“It was a compliment,’ said Merry Brandybuck,’and so, of course, not true.”
– J. R. R. Tokien, The Lord of the Rings
When I use the exercise bike at the rec center, I mostly keep to myself. After years of running by myself, I just don’t think of exercising as a social occasion. So, I was surprised yesterday when a man in his early twenties approached me as I staggered off the bike and said, “Can I tell you something?”
“Sure,” I said warily, supposing he was about to criticize my technique.

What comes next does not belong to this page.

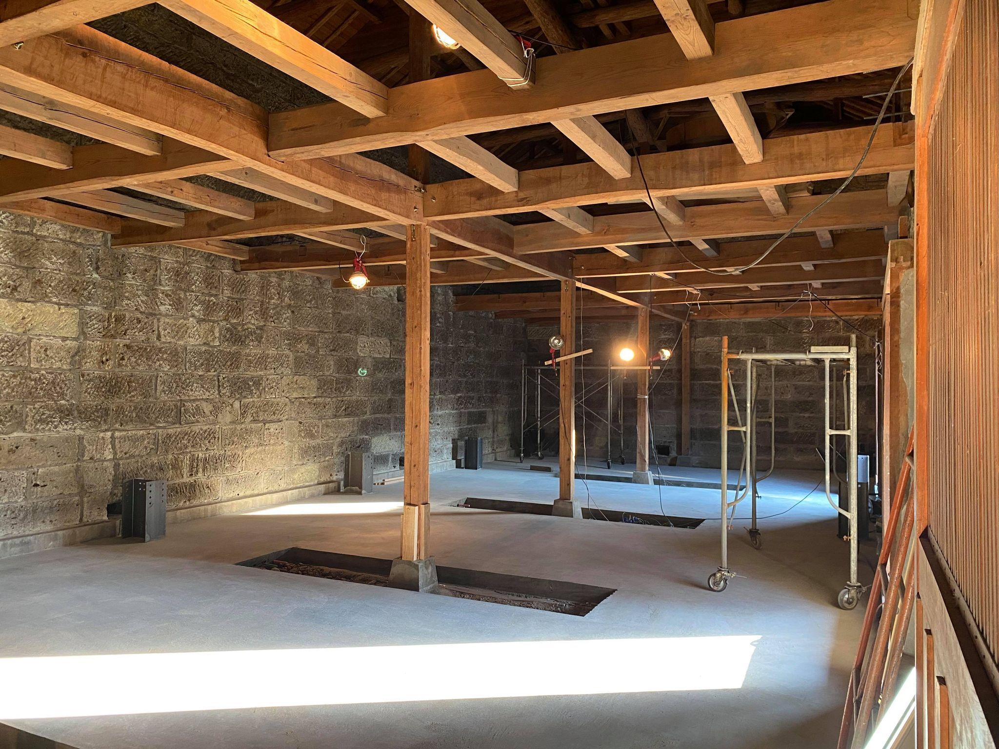 今回は、今まで中々お知らせできていなかった工事過程の様子を中心に、情報をシェアしたいと思います。築100年あまり、かつ関東最大級の蔵ともなると、耐震補強もかなり大掛かりでした。小さな扉から入るサイズの機械や材料のみで作業する職人さんの技など、オープン後も来場者に伝えていきたいです。
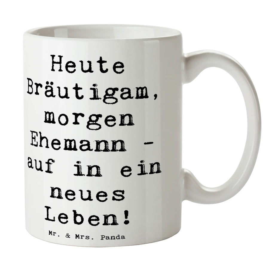 Die wunderbare Bräutigam Tasse von Mr. & Mrs. Panda ist das perfekte Geschenk zur Hochzeit! Diese hochwertige Keramiktasse mit dem liebevollen Spruch "Heute Bräutigam, morgen Ehemann - auf in ein neues Leben!" begeistert nicht nur durch ihr ansprechendes Design, sondern auch durch ihre Funktionalität.

In my experience, everyone in the weight room is an expert, and few are reluctant to give you the benefit of their advice.
“You’re a warrior, man!” Then, as I was wondering whether I had heard him right, he said, “I see you running when I go to work. Then, at the end of the day, I see you here on the bike, working your guts out. You’re a warrior, a real warrior!”
I muttered something about just trying to get away from the computer after twelve hours, and sat down at a weight machine, bemused and – if I’m going to be honest – slightly pleased.
When I’m praised (or abused, for that matter), it’s usually for my writing. Most people don’t notice me physically, because I’m heavy-set for my height. I don’t look fit even when I am, and regardless of the fact that I’ve exercised daily since I was in elementary school. So, to be praised for my endurance (which I suppose was what he was saying) is unexpected. Yet, because I’m proud of my endurance, my vanity is tickled to have it acknowledged.
At the same time, I feel uneasy that it was noticed at all. Like many people who are observers, I’m mildly disconcerted to realize that someone has been observing me. I’m not altogether sure that I like it. It’s a bit of role-reversal that I didn’t expect.
Moreover, so far as a warrior-like appearance goes, I’m not exactly a rival to Ghengis Khan, or even someone civilized like Xenophon. Years of reading and keyboard work have taken their toll, and, if random people were asked to describe my face, chances are that many of them would use the word “mild.” Don’t get me wrong – I feel passionately about many causes and people, and I probably have more than my share of self-righteousness. But most of that doesn’t show on my face.
Finding a minute part of me inclined to preen at the compliment, I told myself that I wasn’t one of those middle-aged business executives that need to imagine themselves a samurai warrior to find some meaning in their lives.
Later, it would occur to me both how rare compliments are between hetrosexual men, and how I still don’t know how to receive a compliment from anyone with any dignity or grace.
But, at the time, I could only think:
A warrior?
Me?
Yeah, right.
Shaking my head, I bent to my repetitions with the weight machine.